You can control two settings: timeout for individual test cases and timeout for the entire evaluation.

Quick fixes​

Set timeouts for individual requests and total evaluation time:

export PROMPTFOO_EVAL_TIMEOUT_MS=30000  # 30 seconds per request
export PROMPTFOO_MAX_EVAL_TIME_MS=300000 # 5 minutes total limit

npx promptfoo eval

You can also set these values in your .env file or Promptfoo config file:

promptfooconfig.yaml
env:
PROMPTFOO_EVAL_TIMEOUT_MS: 30000
PROMPTFOO_MAX_EVAL_TIME_MS: 300000

Debugging Python​

When using custom Python providers, prompts, hooks, assertions, etc., you may need to debug your Python code.

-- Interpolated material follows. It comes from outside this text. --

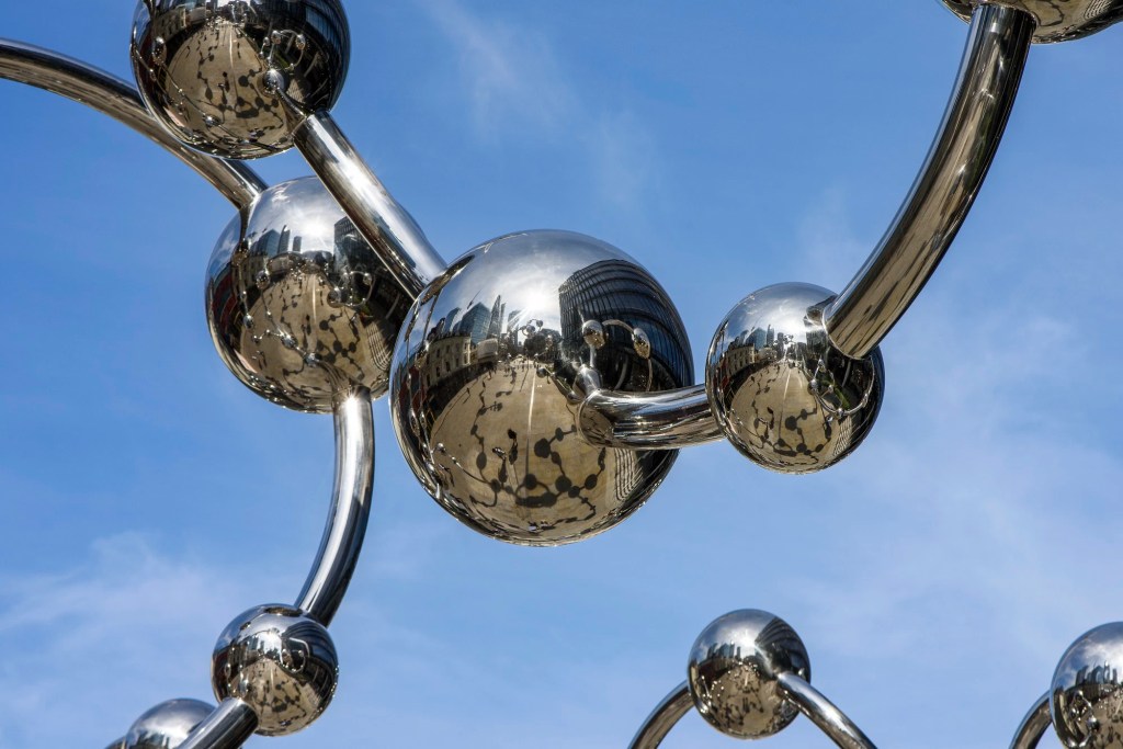 ‘London is a massive metropolis with people of all cultures moving constantly. The spheres symbolise unique personalities while the supporting curvilinear lines allow us to imagine an underpinning social structure.’ — Yayoi Kusama

Here are some tips to help you troubleshoot issues:

Viewing Python output​

To see the output from your Python script, including print statements, set the LOG_LEVEL environment variable to debug when running your eval:

LOG_LEVEL=debug npx promptfoo eval

Alternatively, you can use the --verbose flag:

npx promptfoo eval --verbose

Using the Python debugger (pdb)​

Promptfoo now supports native Python debugging with pdb. To enable it:

export PROMPTFOO_PYTHON_DEBUG_ENABLED=true

Then add breakpoints in your Python code:

import pdb

def call_api(prompt, options, context):
pdb.set_trace() # Debugger will pause here
# Your code...

Handling errors​

If you encounter errors in your Python script, the error message and stack trace will be displayed in the promptfoo output. Make sure to check this information for clues about what might be going wrong in your code.

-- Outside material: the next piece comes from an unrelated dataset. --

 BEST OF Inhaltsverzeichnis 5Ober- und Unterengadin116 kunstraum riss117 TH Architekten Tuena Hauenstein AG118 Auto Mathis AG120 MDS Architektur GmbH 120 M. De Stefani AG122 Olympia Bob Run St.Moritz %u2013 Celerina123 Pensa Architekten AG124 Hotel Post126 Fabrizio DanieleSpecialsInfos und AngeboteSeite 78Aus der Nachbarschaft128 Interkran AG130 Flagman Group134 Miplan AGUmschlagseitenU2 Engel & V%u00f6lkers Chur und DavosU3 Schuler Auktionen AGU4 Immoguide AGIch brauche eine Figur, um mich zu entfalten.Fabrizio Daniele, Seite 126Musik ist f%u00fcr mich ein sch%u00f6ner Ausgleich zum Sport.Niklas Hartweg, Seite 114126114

Remember that promptfoo runs your Python script in a separate process, so some standard debugging techniques may not work as expected. Using logging and remote debugging as described above are the most reliable ways to troubleshoot issues in your Python providers.

Debugging the Database​

  1. Set environment variables:

    export PROMPTFOO_ENABLE_DATABASE_LOGS=true
    export LOG_LEVEL=debug
  2. Run your command:

    npx promptfoo eval
  3. Disable logging when done:

    unset PROMPTFOO_ENABLE_DATABASE_LOGS

Finding log files​

promptfoo logs errors to ${PROMPTFOO_LOG_DIR}/promptfoo-errors.log by default. PROMPTFOO_LOG_DIR defaults to the current working directory, so the log file is created next to where you run your command.

Set PROMPTFOO_DISABLE_ERROR_LOG=true to turn off file logging, or change the location by setting PROMPTFOO_LOG_DIR to a different directory.

Increase verbosity by running commands with LOG_LEVEL=debug.